── Supplied records ──
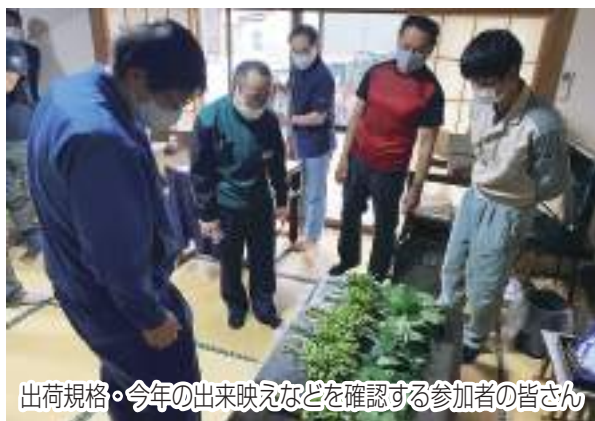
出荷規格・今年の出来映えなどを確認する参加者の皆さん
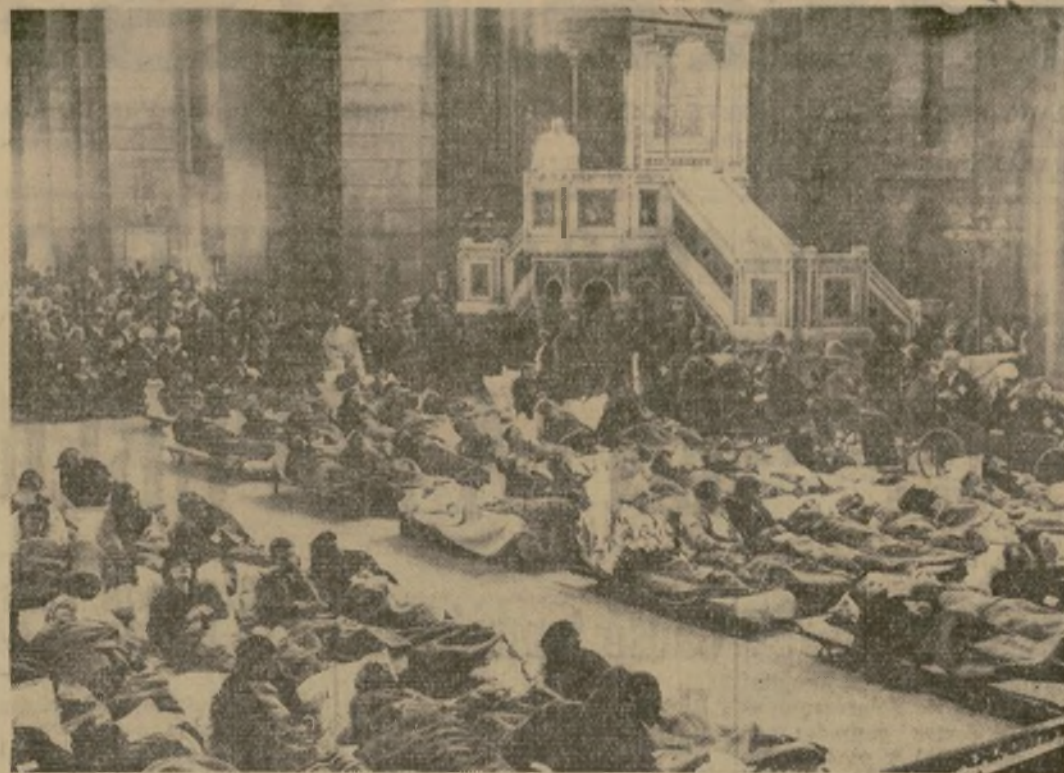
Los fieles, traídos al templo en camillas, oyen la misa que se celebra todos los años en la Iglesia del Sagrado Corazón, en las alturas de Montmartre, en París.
───
── Supplied records ──
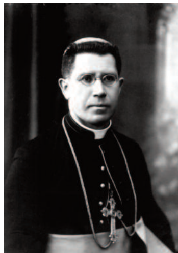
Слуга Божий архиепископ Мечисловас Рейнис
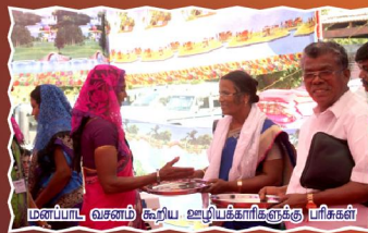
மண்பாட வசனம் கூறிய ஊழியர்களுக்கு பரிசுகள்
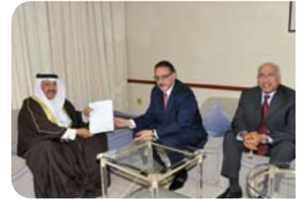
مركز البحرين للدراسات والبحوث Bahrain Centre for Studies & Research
───
Above are some entries; copy exactly the lines from the line with "出荷規格・今年の出来映えなどを確認する参加者の皆さん" through the line with "Los fieles, traídos", both included, but none of the pictures.

● Problem solution:
出荷規格・今年の出来映えなどを確認する参加者の皆さん
Los fieles, traídos al templo en camillas, oyen la misa que se celebra todos los años en la Iglesia del Sagrado Corazón, en las alturas de Montmartre, en París.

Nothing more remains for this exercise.